Your recommendation please. I want to write a chess engine.

I know Delphi very well. I know C a little. All major chess engines are
written in C, but how does that compare to Delphi?? Do you think that it is
worth learning C to implement a good engine (I'm aiming for 2100 elo at
least) or will Delphi be good enough? In short - is the language a critical
factor in writing chess engines??

Regards
Sparky
(my email is sparky at imaginet dot co dot za).






 
Date: 03 Aug 2006 10:00:03
From:
Subject: Re: Delphi or C
Jaco van Niekerk wrote:
> All major chess engines are written in C, but how does that compare to Delphi??

Executables compiled with Borland Delphi were 60% slower than those
compiled with Microsoft's C compiler in a recent shoot-out.

> (I'm aiming for 2100 elo ... will Delphi be good enough?

A 2100 ELO Java chess engine exists, so it's possible.
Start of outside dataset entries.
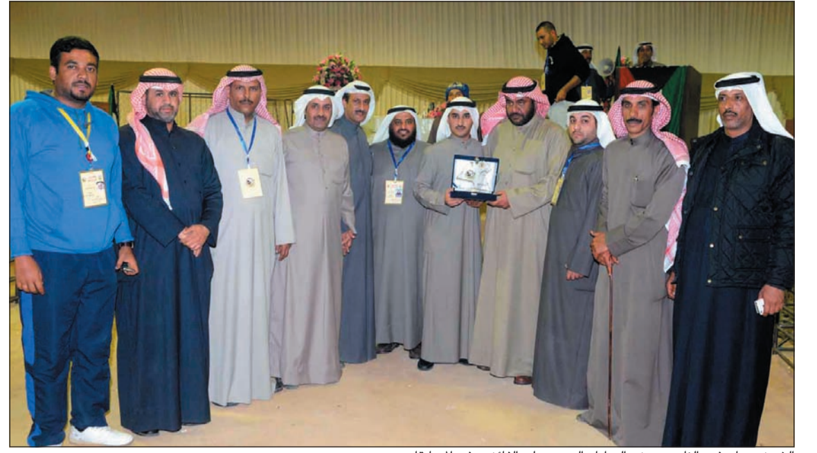
الشيخ صباح فهد الناصر يوزع الهدايا والدروع على الفائزين في المسابقات

أكدت مصادر بوزارة الأشغال أن افتتاح جسر الغزالي تم بناء على تعليمات وأوامر من وزير الأشغال وذلك مراعاة مصالح الجهات الحكومية الأخرى التي تضررت جراء إغلاقه، وكذلك طلبية الجامعات، مؤكدة أن عملية فتح الجسر ستكون مؤقتة لحين إيجاد حل بديل. وأضافت المصادر أن افتتاح جسر الغزالي سيجعل وزارة الأشغال تواجه عوائق كثيرة حيال تنفيذ طريق الجهراء لأن هذا الجسر مرتبط ارتباطاً كلياً بطريق الجهراء حيث أن مشروع الجهراء يتكون من 5 مراحل أربع مراحل منها لا تسبب أي مشكلة، فيما الخامسة هي ذات الصلة بمشروع طريق الجهراء. وأشار إلى أن عمل وزارة الأشغال في جسر الغزالي هو عمل هو قص حوالي 350 متراً من أجل استخراج قواعد الجسر الجديد الواقعة تحت جسر الغزالي وعليه سيتم إزالة الجسر وإعادةه من جديد
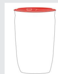
Vat 120 kg Art.-Nr.: 2000393
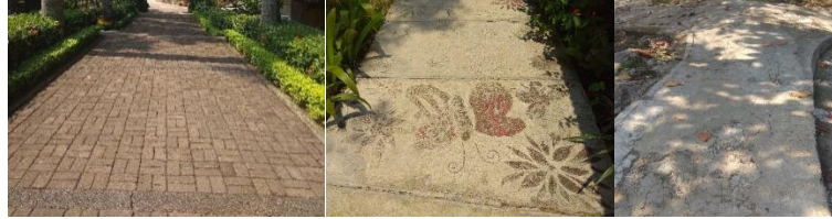
Gambar 6. Sirkulasi didalam tapak (Sumber: Dokumen Pribadi)

Sirkulasi pada area penerimaan memiliki lebar sekitar 4 meter dengan material berupa paving blok sedangkan pada area dalam tapak, sirkulasi dengan material beton yang memiliki lebar sekitar 1.5 meter.

However, unless
you're a gemius it will never come close to the top chess engines.

> In short - is the language a critical factor in writing chess engines??

Your algorithm, implementation skill, and language are critical factors.



 
Date: 03 Aug 2006 18:10:15
From: Thorsten Kiefer
Subject: Re: Delphi or C
Jaco van Niekerk wrote:

> Hello all
>
> Your recommendation please. I want to write a chess engine.
>
> I know Delphi very well. I know C a little. All major chess engines are
> written in C, but how does that compare to Delphi?? Do you think that it
> is worth learning C to implement a good engine (I'm aiming for 2100 elo at
> least) or will Delphi be good enough? In short - is the language a
> critical factor in writing chess engines??
>
> Regards
> Sparky
> (my email is sparky at imaginet dot co dot za).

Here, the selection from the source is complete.